═════ Data section ═════
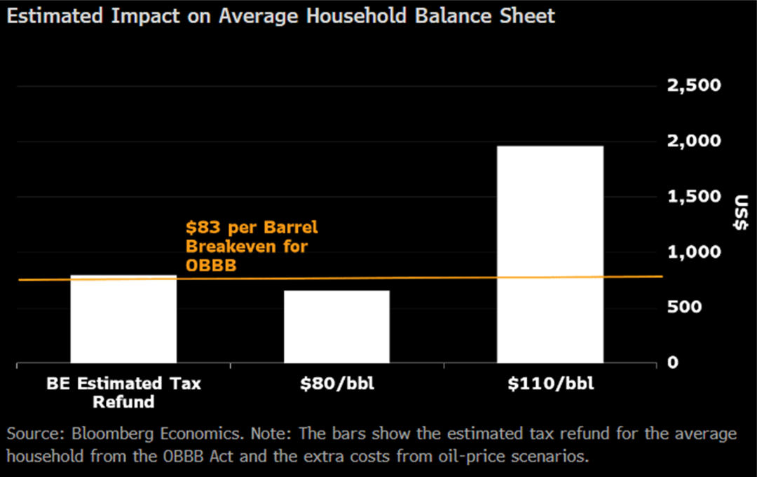 1、根据彭博经济研究,《大而美法案》中向普通家庭提供财政支持的退税政策,其效果正面临被高油价侵蚀的风险,测算显示当油价达到每桶83美元的损益平衡点时,家庭因油价上涨所承受的额外生活成本将完全抵消所获得的退税收益。
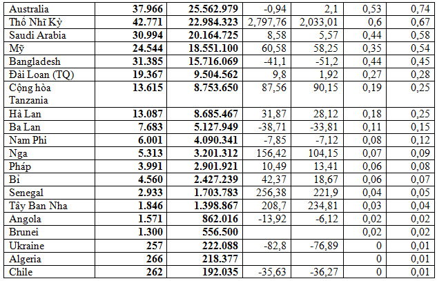 Tiếp sau đó là thị trường Trung Quốc chiếm trên 12% trong tổng lượng và tổng kim ngạch, đạt 850.949 tấn, tương đương 432,32 triệu USD, giá trung bình 508 USD/tấn, giảm 19,6% về lượng và giảm 17,3% kim ngạch; giá tăng nhẹ 2,9% so với cùng kỳ năm 2021.
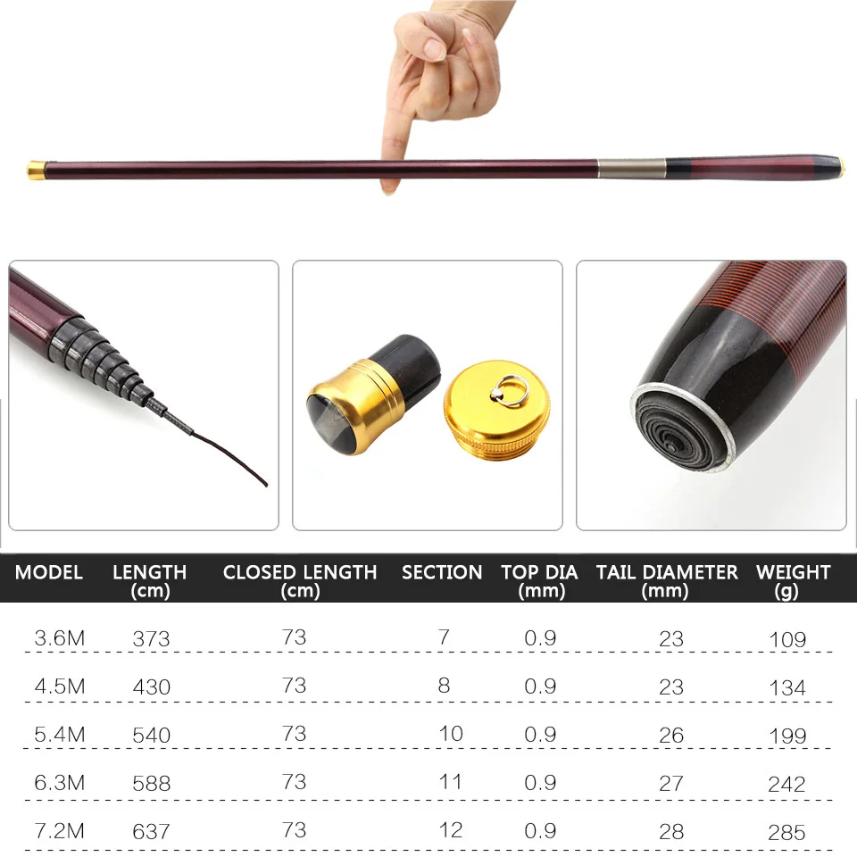 BEST SELLER NEW 3.6-7.2M Carbon Telescopic Carp Fishing Rod Fish Hand Fishing Rod Ultra Lightweight Carbon Fibe
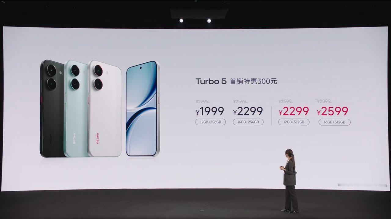 REDMI Turbo 5 正式发布:12+256GB 首销 1999 元(国补 1699.15) 、16+256GB 首销 2299 元(国补 1954.15) 、12+512GB 售价 2299 元(国补 1954.15)、16+512GB 售价 2599 元(国补 2209.15)。 - 芯片:联发科天玑 8500-Ultra 移动处理平台,LPDDR5X Ultra 内存,UFS 4.1 闪存,5300mm² 双阶凸台 LHP 冰封循环冷泵,狂暴引擎; - 屏幕:6.59 英寸 2756×1268 柔性 OLED 直屏,M10 发光材料,手动最高亮度 800nit、全屏激发 2000nit、25% APL 局部激发 3500nit,支持 120Hz 刷新率,480Hz 触控采样率(2560Hz 瞬时触控采样),3840Hz 高频 PWM 调光+类 DC 调光,12bit 色深,支持 HDR 10+、湿手触控; - 相机:前置 20MP(豪威 OV20B,1/4"),后置 50MP 主摄(索尼 LYT-600,1/1.95",OIS)+8MP 超广角(思特威 SC821CS,1/4"); - 续航:7560mAh 小米金沙江电池(硅含量 16%,能量密度 877Wh/L),支持 100W 快充,27W 反向有线充电,支持旁路充电,搭载小米澎湃 G1 电池管理芯片,电池增压芯片,小米澎湃 P3 快充芯片; - 其他:厚 8.18mm,重 204g,祥云白、暗影黑、浅海青 3 款配色,金属中框,2.5D 玻璃后盖,0809 X 轴线性马达,1014D + 1115 双扬声器,支持 NFC、红外遥控,IP66 & IP68 & IP69 & IP69K 防尘防水,Wi-Fi 6,蓝牙 6.0,三频北斗+双频 GPS,光学屏幕指纹,搭载澎湃 OS 3 系统。
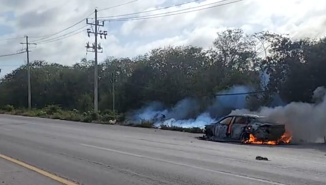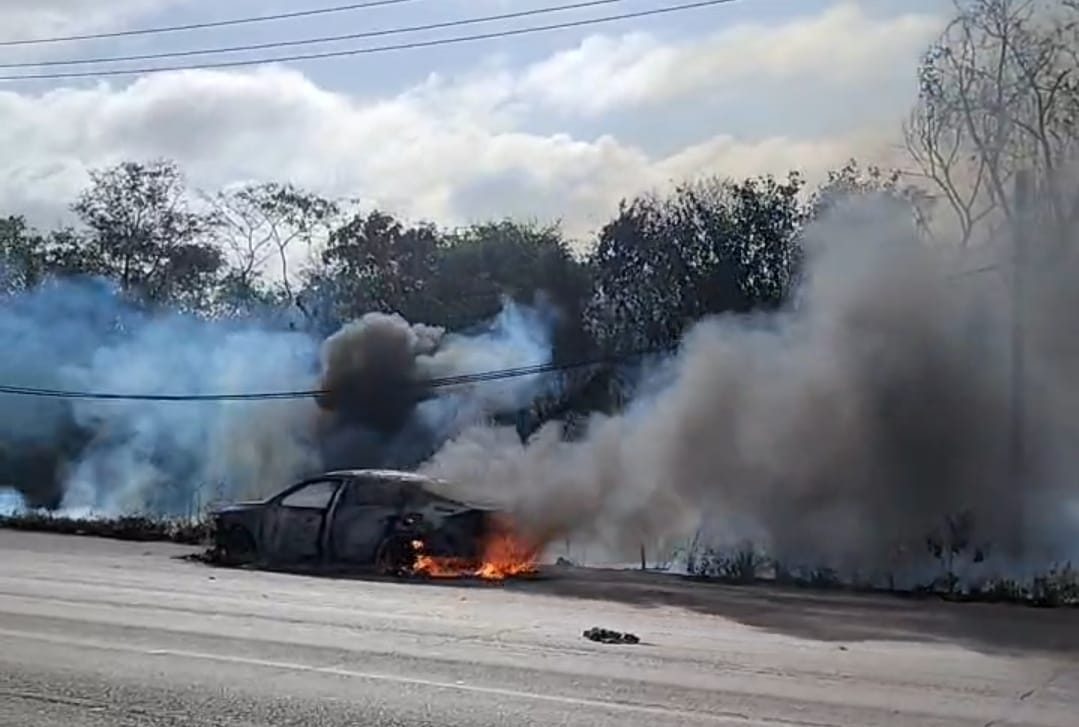 Vehículo se Incendia en Plena Carretera a la Altura del Puente de Chemuyil; No hubo Lesionados
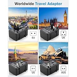 Universal Travel Adapter with USB C Port, 5-in-1 Worldwide Travel Adapter International with 3 USB-A Ports, Multi Travel Power Adapters Plug All-In-One Converter Plug for European UK/EU/US/AUS
═════
What you have to do: Begin at the first line of the data above and repeat each line exactly, stopping after the line containing "BEST SELLER NEW". Omit the pictures.

Solved problem:
 1、根据彭博经济研究,《大而美法案》中向普通家庭提供财政支持的退税政策,其效果正面临被高油价侵蚀的风险,测算显示当油价达到每桶83美元的损益平衡点时,家庭因油价上涨所承受的额外生活成本将完全抵消所获得的退税收益。
 Tiếp sau đó là thị trường Trung Quốc chiếm trên 12% trong tổng lượng và tổng kim ngạch, đạt 850.949 tấn, tương đương 432,32 triệu USD, giá trung bình 508 USD/tấn, giảm 19,6% về lượng và giảm 17,3% kim ngạch; giá tăng nhẹ 2,9% so với cùng kỳ năm 2021.
 BEST SELLER NEW 3.6-7.2M Carbon Telescopic Carp Fishing Rod Fish Hand Fishing Rod Ultra Lightweight Carbon Fibe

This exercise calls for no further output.